I have a free-choice hay feeder that is always full of alfalfa and bermuda grass mix. I feed about 2/3 alfalfa to 1/3 bermuda. It helps to cut the cost a little. I also feed free-choice brewery grain which I can get for free from a local beer brewery by the truckload. I've been feeding a high-molasses COB (corn, oats, barley) horse feed to my milkers, 1-2 pounds apiece, but I'm working on going to a custom grain mix for them to better meet my individual needs. I wish I had pasture for my girls to go on, it would be a big help!


----------



## ksalvagno (Jul 6, 2010)

You definitely need high quality hay. Some people feed pure alfalfa but I feed orchard grass hay. I do add alfalfa pellets in their feed. When they are in milk, you also want to feed them a good quality feed made for goats. You can certainly feed them the feed all year around but you don't need to feed them as much when they aren't in milk. I just buy a general goat feed because they don't have specific dairy goat feed in my area. Another thing all goats need is a good quality loose goat mineral. They need copper. I use Sweetlix Meatmaker goat mineral.

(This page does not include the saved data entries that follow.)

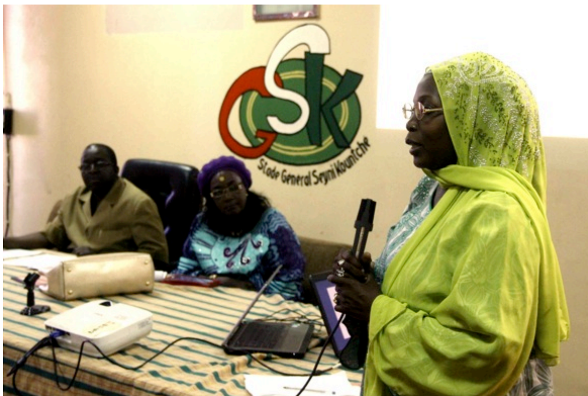
Scene from an inclusion workshop in Niger to promote efficient and inclusive policy and programming that is sensitive to the needs of disadvantaged populations

UNESCO's programme on Human and Social Sciences focuses on a much-needed cross-cutting and reflective approach to development, as social and human dimensions are inherent to the challenges of a rapidly changing world. In times of increasing global challenges and threats such as inequality, exclusion, violence, and sectarianism, learning to live together among all members of the global community becomes more important than ever before.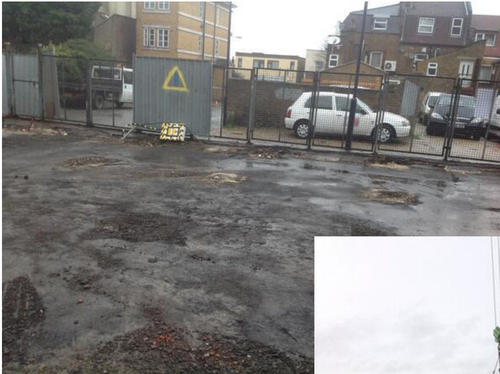
The preparation and groundwork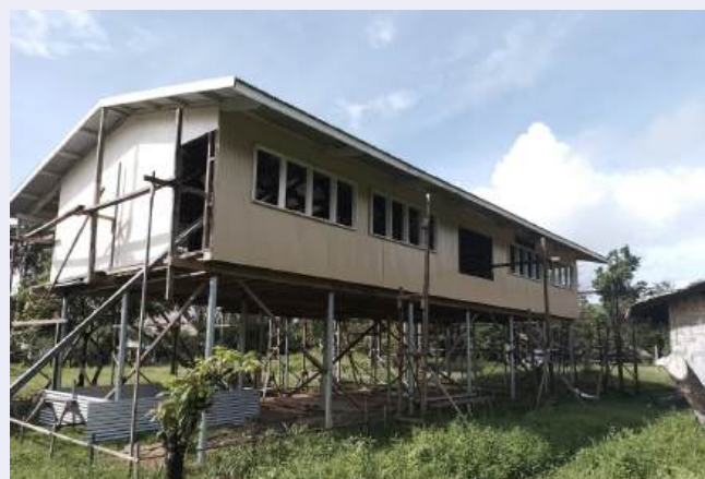
Above: New Classroom under construction

Read labels and make sure the feeds/minerals are quality. Don't buy the cheapest stuff, you do get what you pay for. It can come out in poor tasting milk or low amount of milk.


----------



## Chirpy (Jul 6, 2010)

When my does are in milk I do feed straight alfalfa.  In my personal experimentation my girls actually do give more milk when on alfalfa than grass or even a grass/alfalfa mix.    If I can't afford straight alfalfa then grass works.

I also give them Klassy goat feed with BOSS (black oiled sunflower seeds) twice a day -- while they are on the milk stand.   Some people don't like to use Klassy goat because of the molasses in it.  It's what is easiest to get here and I love the milk so it works for me.

I keep loose minerals and baking soda out free choice all the time.  I hear that Sweetlix is a great loose mineral (like ksalvagno uses).  I can't get it around here.


----------